__What you have to do__
Please reproduce the data exactly and omit the pictures.

__Data__

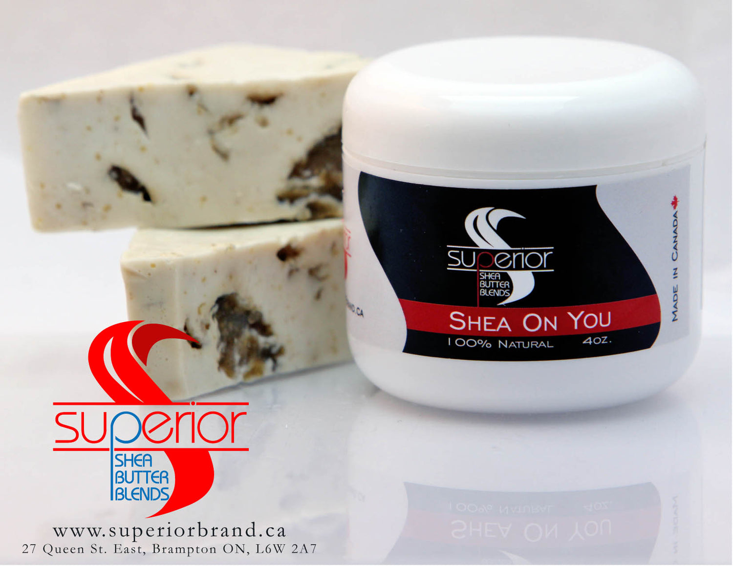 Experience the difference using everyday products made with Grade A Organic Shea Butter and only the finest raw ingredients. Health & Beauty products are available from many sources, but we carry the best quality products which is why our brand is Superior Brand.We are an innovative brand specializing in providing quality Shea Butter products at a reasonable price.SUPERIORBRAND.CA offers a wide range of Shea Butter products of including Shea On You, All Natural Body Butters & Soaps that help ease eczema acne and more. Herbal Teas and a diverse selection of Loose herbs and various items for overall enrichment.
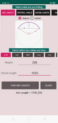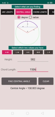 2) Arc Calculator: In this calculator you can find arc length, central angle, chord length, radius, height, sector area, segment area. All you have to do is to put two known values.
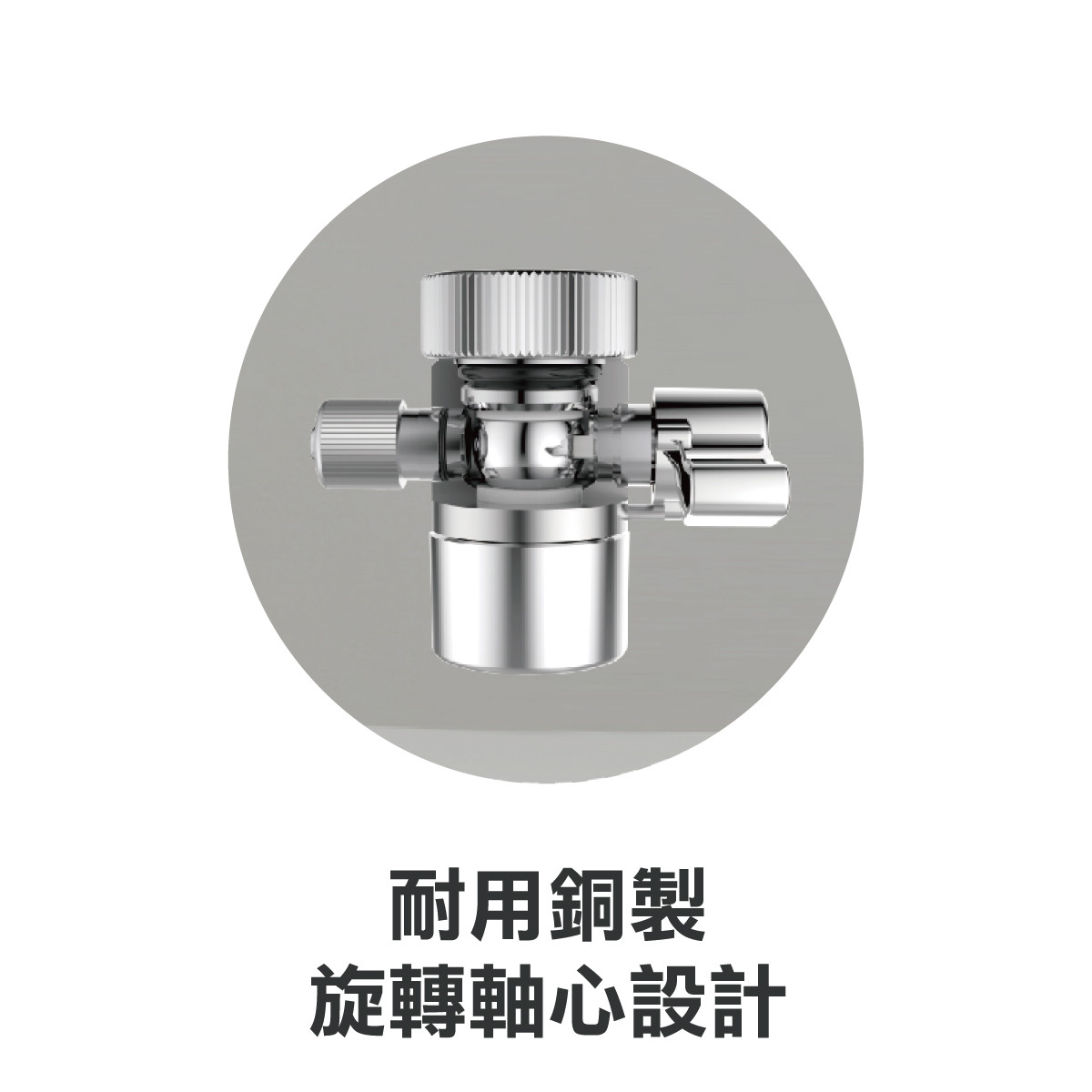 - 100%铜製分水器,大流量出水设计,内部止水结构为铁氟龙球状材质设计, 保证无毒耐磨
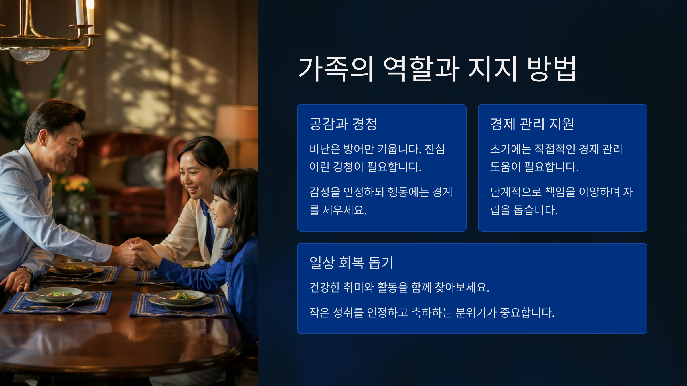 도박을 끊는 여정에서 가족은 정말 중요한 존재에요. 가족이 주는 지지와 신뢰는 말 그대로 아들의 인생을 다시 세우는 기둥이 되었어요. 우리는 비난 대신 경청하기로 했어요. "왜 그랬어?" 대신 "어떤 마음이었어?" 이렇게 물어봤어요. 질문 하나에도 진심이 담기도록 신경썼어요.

__Response to this task__
 Experience the difference using everyday products made with Grade A Organic Shea Butter and only the finest raw ingredients. Health & Beauty products are available from many sources, but we carry the best quality products which is why our brand is Superior Brand.We are an innovative brand specializing in providing quality Shea Butter products at a reasonable price.SUPERIORBRAND.CA offers a wide range of Shea Butter products of including Shea On You, All Natural Body Butters & Soaps that help ease eczema acne and more. Herbal Teas and a diverse selection of Loose herbs and various items for overall enrichment.
 2) Arc Calculator: In this calculator you can find arc length, central angle, chord length, radius, height, sector area, segment area. All you have to do is to put two known values.
 - 100%铜製分水器,大流量出水设计,内部止水结构为铁氟龙球状材质设计, 保证无毒耐磨
 도박을 끊는 여정에서 가족은 정말 중요한 존재에요. 가족이 주는 지지와 신뢰는 말 그대로 아들의 인생을 다시 세우는 기둥이 되었어요. 우리는 비난 대신 경청하기로 했어요. "왜 그랬어?" 대신 "어떤 마음이었어?" 이렇게 물어봤어요. 질문 하나에도 진심이 담기도록 신경썼어요.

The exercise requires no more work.